#### Work instructions
Take each line from the material below that includes the string "matching" and copy it.
+++ Exercise data
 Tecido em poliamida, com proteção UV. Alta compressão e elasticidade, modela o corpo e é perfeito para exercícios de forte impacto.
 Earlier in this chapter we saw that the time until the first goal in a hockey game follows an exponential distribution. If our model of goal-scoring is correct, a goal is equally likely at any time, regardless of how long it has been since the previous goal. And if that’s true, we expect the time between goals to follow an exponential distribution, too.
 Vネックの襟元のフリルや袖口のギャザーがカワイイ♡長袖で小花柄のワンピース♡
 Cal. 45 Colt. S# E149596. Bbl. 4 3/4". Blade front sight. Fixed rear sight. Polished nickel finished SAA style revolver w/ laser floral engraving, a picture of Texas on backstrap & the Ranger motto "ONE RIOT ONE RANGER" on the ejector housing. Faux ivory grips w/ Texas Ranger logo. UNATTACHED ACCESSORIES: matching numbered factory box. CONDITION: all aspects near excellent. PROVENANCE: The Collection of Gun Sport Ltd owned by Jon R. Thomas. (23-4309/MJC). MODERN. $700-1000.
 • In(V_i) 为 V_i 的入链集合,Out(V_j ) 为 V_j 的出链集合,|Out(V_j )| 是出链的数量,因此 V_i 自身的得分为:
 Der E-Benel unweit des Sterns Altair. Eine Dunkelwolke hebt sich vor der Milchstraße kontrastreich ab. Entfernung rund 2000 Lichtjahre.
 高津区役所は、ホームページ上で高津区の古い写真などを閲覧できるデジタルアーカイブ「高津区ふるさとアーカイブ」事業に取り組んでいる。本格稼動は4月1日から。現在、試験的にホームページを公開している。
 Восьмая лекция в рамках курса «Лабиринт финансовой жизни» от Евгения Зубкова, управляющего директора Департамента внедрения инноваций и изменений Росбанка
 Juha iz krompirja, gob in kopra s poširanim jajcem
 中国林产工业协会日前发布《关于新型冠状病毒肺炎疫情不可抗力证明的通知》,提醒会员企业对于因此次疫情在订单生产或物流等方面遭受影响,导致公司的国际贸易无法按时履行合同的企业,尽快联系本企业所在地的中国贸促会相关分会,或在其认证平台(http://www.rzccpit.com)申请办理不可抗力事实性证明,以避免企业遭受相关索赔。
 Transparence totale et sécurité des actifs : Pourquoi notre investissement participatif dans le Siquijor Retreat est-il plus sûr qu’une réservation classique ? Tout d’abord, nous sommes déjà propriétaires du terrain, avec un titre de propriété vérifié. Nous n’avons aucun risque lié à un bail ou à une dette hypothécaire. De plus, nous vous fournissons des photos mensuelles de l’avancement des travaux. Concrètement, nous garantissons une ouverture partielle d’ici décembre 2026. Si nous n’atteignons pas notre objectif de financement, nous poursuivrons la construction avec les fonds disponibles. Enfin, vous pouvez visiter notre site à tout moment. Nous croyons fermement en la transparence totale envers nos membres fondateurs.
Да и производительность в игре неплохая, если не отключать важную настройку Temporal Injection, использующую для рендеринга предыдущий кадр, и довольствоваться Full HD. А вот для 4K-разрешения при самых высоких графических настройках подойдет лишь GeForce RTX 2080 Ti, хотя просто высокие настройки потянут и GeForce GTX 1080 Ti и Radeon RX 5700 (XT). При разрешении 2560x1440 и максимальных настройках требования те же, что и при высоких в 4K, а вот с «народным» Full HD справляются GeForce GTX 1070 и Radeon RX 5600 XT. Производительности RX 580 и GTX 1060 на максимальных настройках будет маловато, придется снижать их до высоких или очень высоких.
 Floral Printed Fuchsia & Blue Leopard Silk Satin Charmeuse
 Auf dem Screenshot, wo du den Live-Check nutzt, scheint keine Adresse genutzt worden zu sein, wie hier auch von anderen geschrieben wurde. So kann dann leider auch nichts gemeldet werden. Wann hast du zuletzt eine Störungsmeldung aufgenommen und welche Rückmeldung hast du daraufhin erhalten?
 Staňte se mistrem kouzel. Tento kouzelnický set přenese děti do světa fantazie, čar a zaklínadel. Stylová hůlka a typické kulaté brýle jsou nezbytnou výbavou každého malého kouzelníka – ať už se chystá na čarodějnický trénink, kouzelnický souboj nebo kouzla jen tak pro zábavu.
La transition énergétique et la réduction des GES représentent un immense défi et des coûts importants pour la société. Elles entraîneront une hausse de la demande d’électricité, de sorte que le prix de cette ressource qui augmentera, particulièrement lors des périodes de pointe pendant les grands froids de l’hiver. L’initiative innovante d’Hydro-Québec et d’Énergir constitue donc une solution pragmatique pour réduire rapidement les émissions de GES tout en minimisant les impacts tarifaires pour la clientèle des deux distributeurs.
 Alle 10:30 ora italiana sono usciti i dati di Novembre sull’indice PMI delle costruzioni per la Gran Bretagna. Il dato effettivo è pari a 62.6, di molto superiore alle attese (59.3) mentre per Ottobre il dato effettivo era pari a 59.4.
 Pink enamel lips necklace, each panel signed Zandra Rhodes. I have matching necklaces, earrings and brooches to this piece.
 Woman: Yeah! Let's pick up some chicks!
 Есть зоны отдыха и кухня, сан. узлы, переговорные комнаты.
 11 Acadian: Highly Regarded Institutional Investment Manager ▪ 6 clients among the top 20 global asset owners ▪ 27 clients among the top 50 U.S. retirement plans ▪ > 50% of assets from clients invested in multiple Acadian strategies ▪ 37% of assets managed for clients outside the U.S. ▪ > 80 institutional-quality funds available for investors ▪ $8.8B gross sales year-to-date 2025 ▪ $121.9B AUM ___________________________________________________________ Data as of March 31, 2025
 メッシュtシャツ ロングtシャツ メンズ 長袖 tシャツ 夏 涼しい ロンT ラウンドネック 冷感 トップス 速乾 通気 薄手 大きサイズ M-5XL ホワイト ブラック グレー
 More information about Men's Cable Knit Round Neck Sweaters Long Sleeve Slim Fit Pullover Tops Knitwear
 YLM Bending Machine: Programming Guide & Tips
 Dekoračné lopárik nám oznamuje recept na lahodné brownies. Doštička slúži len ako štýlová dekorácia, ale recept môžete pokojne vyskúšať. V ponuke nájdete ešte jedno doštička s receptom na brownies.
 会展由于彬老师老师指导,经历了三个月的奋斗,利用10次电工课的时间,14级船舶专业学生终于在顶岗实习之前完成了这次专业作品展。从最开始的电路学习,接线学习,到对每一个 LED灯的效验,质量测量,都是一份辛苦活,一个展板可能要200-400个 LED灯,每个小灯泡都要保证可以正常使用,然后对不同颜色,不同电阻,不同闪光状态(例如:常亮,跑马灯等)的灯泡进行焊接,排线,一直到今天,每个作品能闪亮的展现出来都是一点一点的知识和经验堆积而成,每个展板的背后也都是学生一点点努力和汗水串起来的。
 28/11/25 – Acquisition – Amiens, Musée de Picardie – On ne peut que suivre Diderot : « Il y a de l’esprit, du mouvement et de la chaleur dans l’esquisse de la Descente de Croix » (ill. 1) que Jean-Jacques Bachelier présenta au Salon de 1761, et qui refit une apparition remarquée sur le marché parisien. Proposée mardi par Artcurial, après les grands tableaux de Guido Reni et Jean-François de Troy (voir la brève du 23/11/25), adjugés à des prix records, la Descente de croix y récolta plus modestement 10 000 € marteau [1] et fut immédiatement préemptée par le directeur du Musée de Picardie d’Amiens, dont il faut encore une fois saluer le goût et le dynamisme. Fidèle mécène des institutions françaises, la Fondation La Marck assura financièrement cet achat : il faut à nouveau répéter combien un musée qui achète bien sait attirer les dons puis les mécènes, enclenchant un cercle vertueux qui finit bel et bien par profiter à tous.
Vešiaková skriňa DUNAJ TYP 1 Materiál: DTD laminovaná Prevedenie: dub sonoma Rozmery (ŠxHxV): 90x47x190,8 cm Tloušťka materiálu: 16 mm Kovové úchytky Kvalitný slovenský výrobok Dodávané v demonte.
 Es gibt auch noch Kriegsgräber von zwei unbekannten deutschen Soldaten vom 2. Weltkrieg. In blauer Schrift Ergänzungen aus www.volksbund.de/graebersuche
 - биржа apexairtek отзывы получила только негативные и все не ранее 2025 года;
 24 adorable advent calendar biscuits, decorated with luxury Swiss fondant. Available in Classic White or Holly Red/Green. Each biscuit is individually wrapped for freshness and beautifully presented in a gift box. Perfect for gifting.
++++++
#### Solution
 Cal. 45 Colt. S# E149596. Bbl. 4 3/4". Blade front sight. Fixed rear sight. Polished nickel finished SAA style revolver w/ laser floral engraving, a picture of Texas on backstrap & the Ranger motto "ONE RIOT ONE RANGER" on the ejector housing. Faux ivory grips w/ Texas Ranger logo. UNATTACHED ACCESSORIES: matching numbered factory box. CONDITION: all aspects near excellent. PROVENANCE: The Collection of Gun Sport Ltd owned by Jon R. Thomas. (23-4309/MJC). MODERN. $700-1000.
 Pink enamel lips necklace, each panel signed Zandra Rhodes. I have matching necklaces, earrings and brooches to this piece.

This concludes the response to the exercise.